_TASK DETAILS_
Note on the material below: return exactly the lines from the line that holds "These compatible C610BK" through the line that holds "Over the ranges", and leave out each picture.

_RECORD EXCERPTS_
━━━━

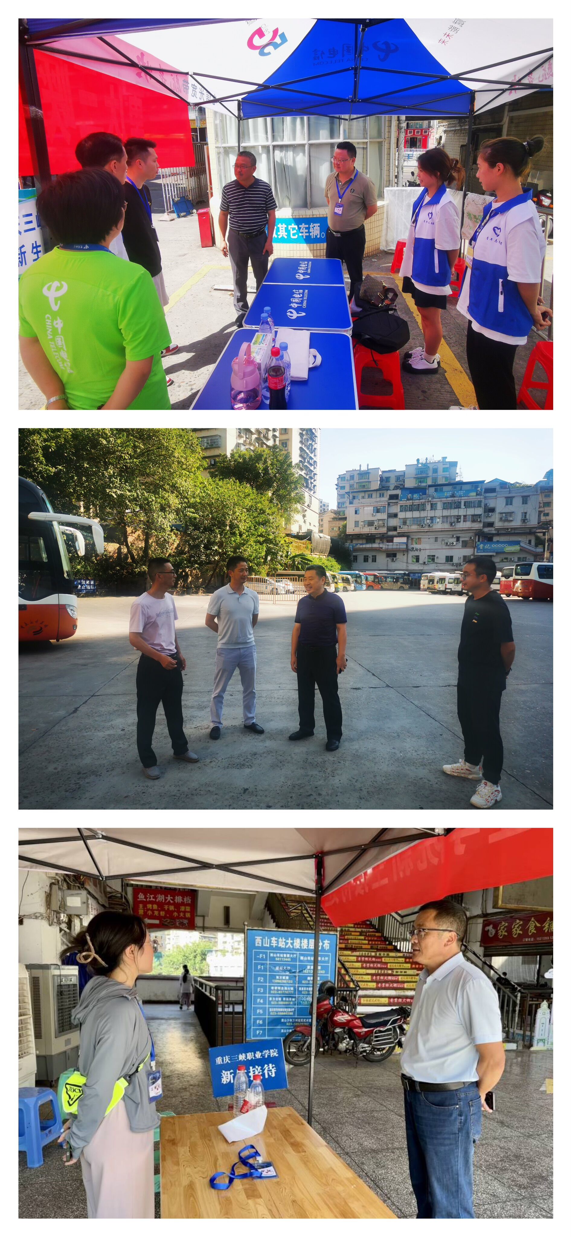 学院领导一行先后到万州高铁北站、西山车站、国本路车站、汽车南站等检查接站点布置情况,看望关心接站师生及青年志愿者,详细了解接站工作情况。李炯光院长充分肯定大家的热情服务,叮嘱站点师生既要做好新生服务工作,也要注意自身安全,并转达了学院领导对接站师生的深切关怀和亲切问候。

━━━━

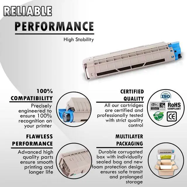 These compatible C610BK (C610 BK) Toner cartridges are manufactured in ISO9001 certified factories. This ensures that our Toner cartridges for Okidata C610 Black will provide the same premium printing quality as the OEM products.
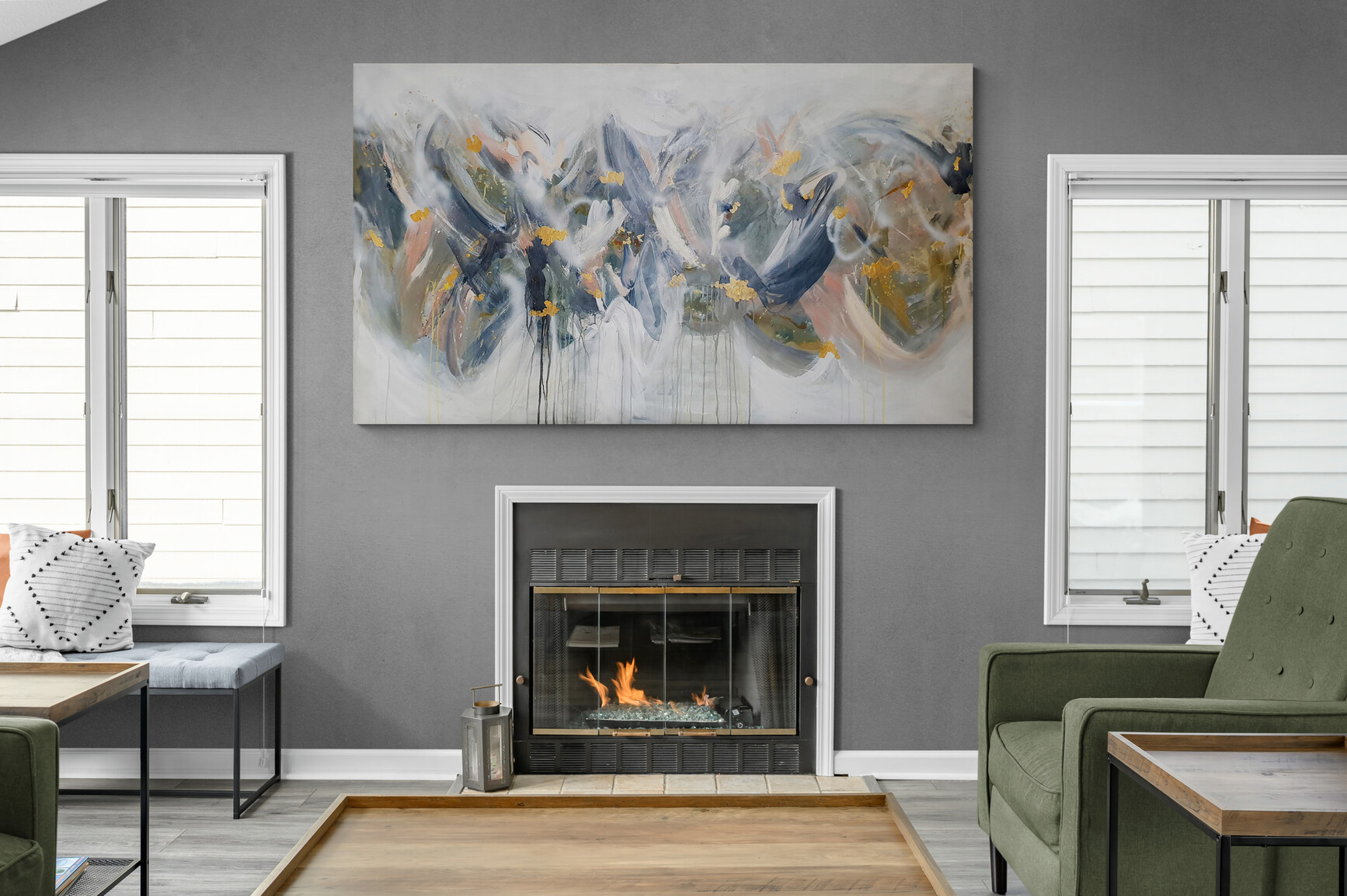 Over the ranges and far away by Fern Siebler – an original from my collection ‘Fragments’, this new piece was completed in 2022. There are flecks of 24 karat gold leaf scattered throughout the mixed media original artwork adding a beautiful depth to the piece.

━━━━

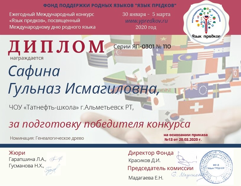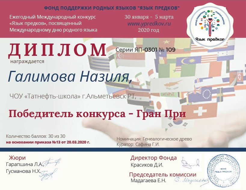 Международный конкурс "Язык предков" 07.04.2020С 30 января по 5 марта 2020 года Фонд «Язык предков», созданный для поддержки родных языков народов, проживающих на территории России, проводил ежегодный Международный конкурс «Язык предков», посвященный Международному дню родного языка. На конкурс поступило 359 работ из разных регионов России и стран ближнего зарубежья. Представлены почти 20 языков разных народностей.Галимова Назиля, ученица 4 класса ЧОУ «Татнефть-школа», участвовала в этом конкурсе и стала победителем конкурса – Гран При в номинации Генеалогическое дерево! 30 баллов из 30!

━━━━

_RESPONSE BELOW_
 These compatible C610BK (C610 BK) Toner cartridges are manufactured in ISO9001 certified factories. This ensures that our Toner cartridges for Okidata C610 Black will provide the same premium printing quality as the OEM products.
 Over the ranges and far away by Fern Siebler – an original from my collection ‘Fragments’, this new piece was completed in 2022. There are flecks of 24 karat gold leaf scattered throughout the mixed media original artwork adding a beautiful depth to the piece.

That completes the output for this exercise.